Kate’s latest adventure is A Death in the Dales. The story unfolds in the village of Langcliffe and the market town of Settle so it was fitting that the official launch – publication day, Thursday, 1 October – took place in the new Settle Library. The library is housed in a complex that provides housing for the elderly. What a good idea to live in a building with books on the ground floor. Hazel, from the library, had baked delicious cakes and scones. Some scones turn out claggy but these were perfect – as was the whole evening, with a lively audience and brilliant staff and volunteers.
I wish I were smarter about taking photographs, or asking others to do so. In Waterstones, Leeds, 2 October, there was a bumper audience and queues. I can’t show you this small triumph because I didn’t take a picture, but here’s the beautiful cake baked by Barbara.

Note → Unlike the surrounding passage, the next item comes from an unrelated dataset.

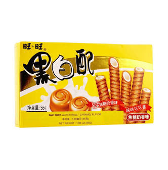 台湾旺旺 黑白配夹心蛋卷 焦糖奶香味 56g【童年经典】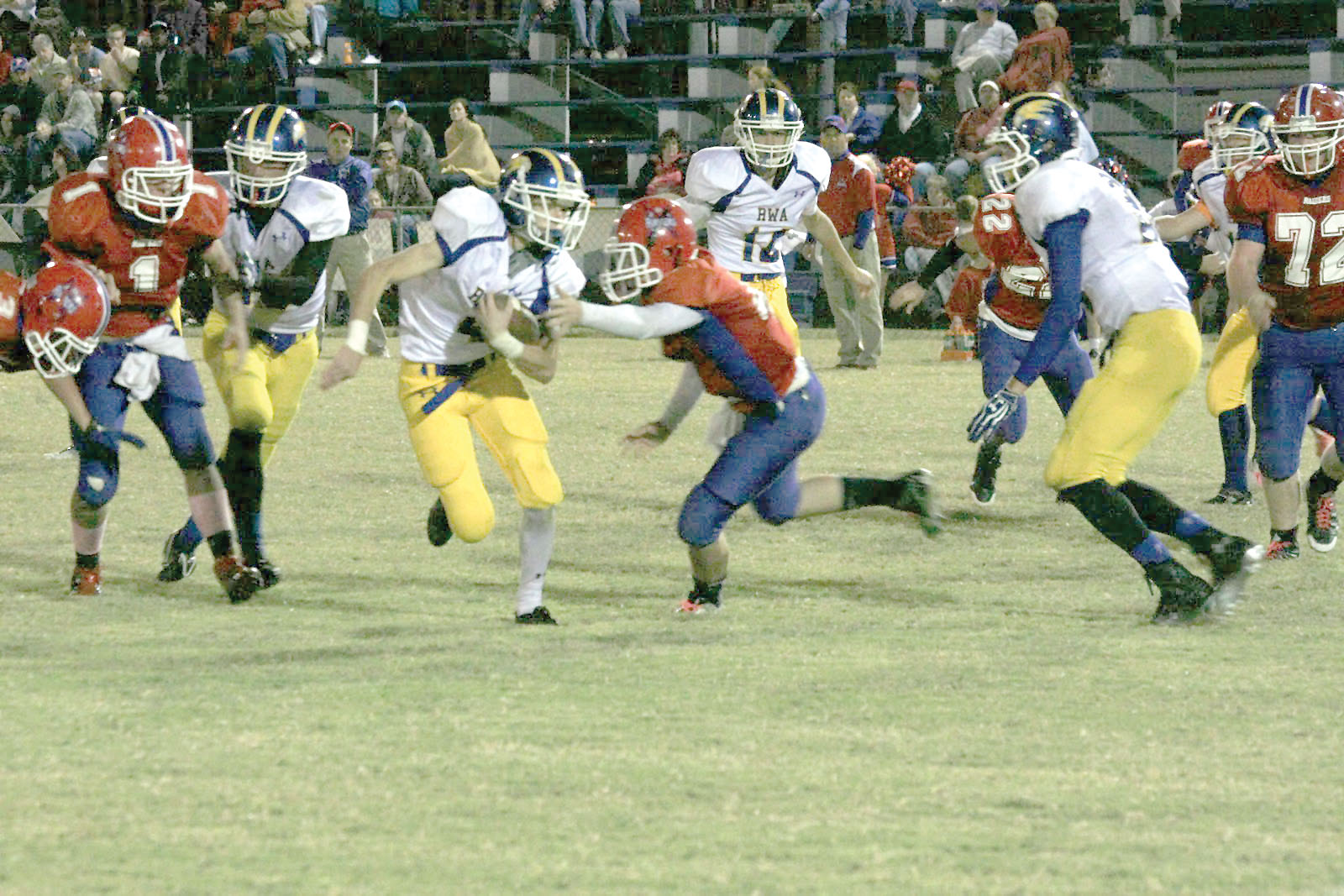 Plagued by fumbles throughout the game, the Raiders managed to recover their first fumble inside the red zone to keep the ball in their possession just as time expired in the first quarter. Less than 60 seconds had ticked off the second quarter clock when Garvin scored his second TD for the Raiders. The PAT was no good, but the Raiders had cut the RWA lead to 22-12.

Booksellers in Waterstones, Harrogate are great promoters of the series. Here there was much chat, including with Twitter friend Pam and my retired police officer adviser and his wife. I met up with my primary school friend, Mary. She and I failed the then all-important 11 plus examination. Mary likes to tell people what a giggler I was at school. My big flaw was in not grasping that you were supposed to take school seriously, but surely I must have done something right …? Maybe not.
A clothing designer and her mother came into the store. The designer wore a beautiful tweed coat. Talented designer, if you read this, send me (a potential customer) your details.
What a magical day! This festival is only four years old, but impeccably organized. It was great to have such an appreciative audience in the lovely old Town Hall. I also enjoyed my tour of the town, and can highly recommend the ice cream parlour.
It was good to see the familiar faces of Kate Shackleton fans in Waterstones, York and to say hello to people I’d met last year and the year before. When someone didn’t know the books but showed interest, I employed my sales pitch, saying,: “Murder mysteries, set in Yorkshire in the 1920s, would you like a bookmark?” I varied this when a man approached sporting a t-shirt emblazoned with an amiable, deeply-lined face. I said, “Isn’t that Sid James on your t-shirt?” He said, “You are the only person to recognize him.” The Sid James fan didn’t buy a book, but Kate Shackleton was the day’s best-seller. I persuaded two fans to be photographed. If you read this, thank you for keeping on smiling while I spent ages faffing to take the picture.